2月からプロ野球のシーズンが開幕、今年も阪神にはドラフトで6人、育成ドラフトで2人の8人の新人が入団した。
1巡目指名は青山学院大学の下村海翔投手。福岡県の九州国際大付高出だが、出身は兵庫県西宮市で甲子園球場のおひざ元だ。「下村」という名字は文字通り「下の方の村」という意味で各地にある。
ただし「下」というのは標高が低い、ということだけではない。舞台では客席から見て右側を「上手」と呼ぶように、実際の高さとは関係なく「上下」を使って方向をあらわすことがある。

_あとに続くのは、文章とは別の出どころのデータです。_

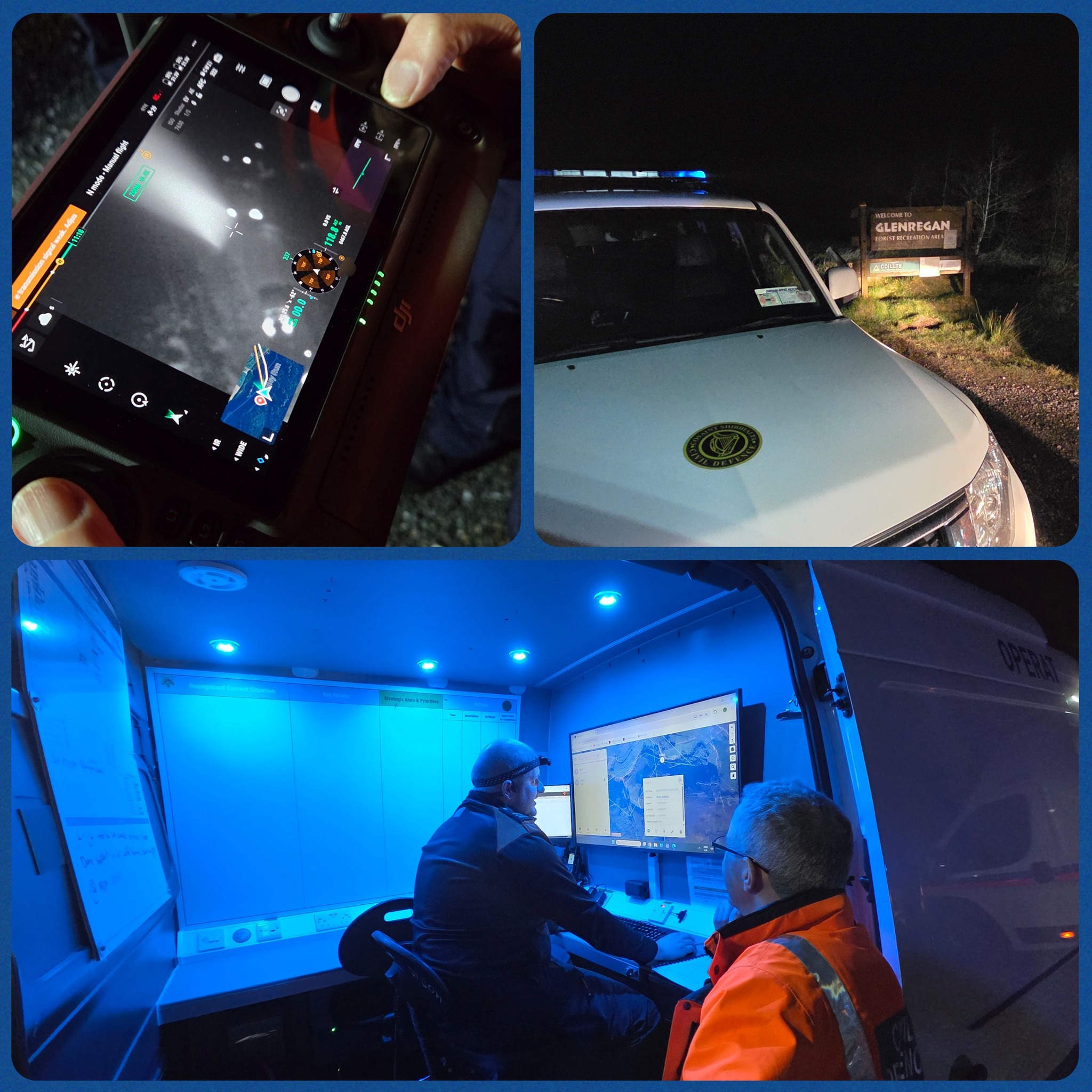 Volunteers from Laois and Offaly Civil Defence Units responded to calls from An Garda Síochána for four missing walkers on the Slieve Blooms. The missing persons were located safe and well by Civil Defence teams and brought back out to safety.

川が流れていれば、その上流方向が「上」で下流が「下」。この場合はまだ標高とも一致しているが、道の場合はその地域の中心に向かうのが「上」で、その反対が「下」となり、実際の標高とは関係がない。
名字的には、2巡目指名で入団した椎葉剛選手に注目したい。社会人のミキハウスに3年間在籍したものの1試合にしか登板できなかったが、昨年独立リーグである四国アイランドリーグの徳島インディゴソックスに入団すると、1年目に独立リーグ出身としては最高タイの2巡目で指名された。
椎葉選手は長崎県の島原中央高の出身。ただしこちらも野球留学で本来の出身地は大阪府堺市だ。
この「椎葉」という名字には大きな特徴がある。それは、名字のルーツが宮崎県椎葉村で、現在でも圧倒的多数が宮崎県にあるということだ。それだけではない。宮崎県内でも椎葉村付近に集中しており、椎葉村では村で一番多い名字が「椎葉」である。つまり、自治体名とその自治体で最も多い名字が一致しているのだ。
そんなのは珍しくないだろう、と思うかもしれない。しかし、平成の大合併で全国の自治体は激減、今や村は稀少で県内には村は存在しないというところもある。またどの自治体もかなり広域となり、「〇〇村では△△さんばかり」というのは昔話になりつつある。もちろん、集落(大字)単位でみれば特定の名字が激しく集中しているところはたくさんあるが、「町」や「村」という行政単位では、ほぼなくなってしまった。
さらに合併によって自治体名もひらがなを使ったり、「中央」「桜」といった地名と全く関係ない言葉を使うところも多く、自治体名と最多名字が一致しているのは、全国で椎葉村だけである。